¿Por qué la marca CE es realmente importante para sus sistemas UV?
Fabricamos lámparas de curado UV modulares para líneas de producción de alta velocidad. Si está pensando en ampliar su capacidad de producción, probablemente querrá algo que se pueda conectar fácilmente y funcione sin necesidad de reconectar toda la instalación. Simple, ¿verdad? Pero si va a enviar estos sistemas a Europa o a venderlos a grandes empresas mundiales, esa pequeña marca CE no es solo un trámite burocrático. Es la diferencia entre un sistema que funciona durante años y uno que podría causar un incendio en su planta.
Los detalles de seguridad
El problema es que los sistemas UV modulares trabajan con altas tensiones y generan mucho calor. Es algo muy intensivo. Para obtener la certificación CE, debemos examinar cada una de las piezas del sistema. Tenemos que asegurarnos de que el aislamiento sea lo suficientemente bueno como para evitar interferencias electromagnéticas que puedan afectar a los sensores o al PLC. No basta con elegir simplemente el calibre adecuado de los cables; tenemos que probarlos hasta asegurarnos de que puedan soportar la corriente requerida. Si omite este paso, está arriesgándose. Es posible que sus equipos sean confiscados en la aduana.
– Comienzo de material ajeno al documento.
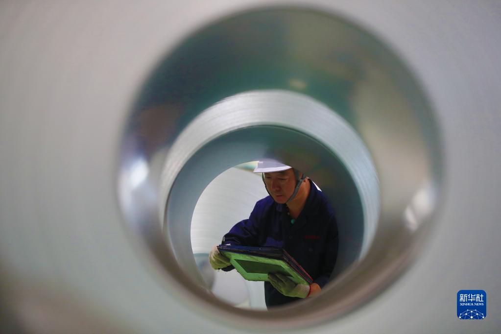 8月18日,在本钢冷轧厂,工人对钢卷进行质量检测。新华社记者 杨青 摄

Pero lo peor sería que ocurriera un fallo catastrófico. Las lámparas de alta potencia se calientan mucho. Sin un buen sistema de gestión térmica y protecciones adecuadas, es posible que los componentes electrónicos se dañen. No es una buena situación.
Cómo entrar en el mercado
Los grandes compradores, como los proveedores automotrices o médicos de primer nivel, no quieren arriesgar su equipo. Quieren asegurarse de que se cumplan los estándares LVD y EMC. Para nosotros, la certificación CE es simplemente el mínimo necesario para poder construir equipos que funcionen bien en entornos industriales ruidosos y sucios. Claro, hay un sacrificio: certificar cada módulo toma más tiempo y coste adicional. Pero, honestamente, es la única forma de competir en el mercado de alta gama. No puede simplemente presentar una lámpara no certificada y esperar que una fábrica de primer nivel la acepte. No lo harán.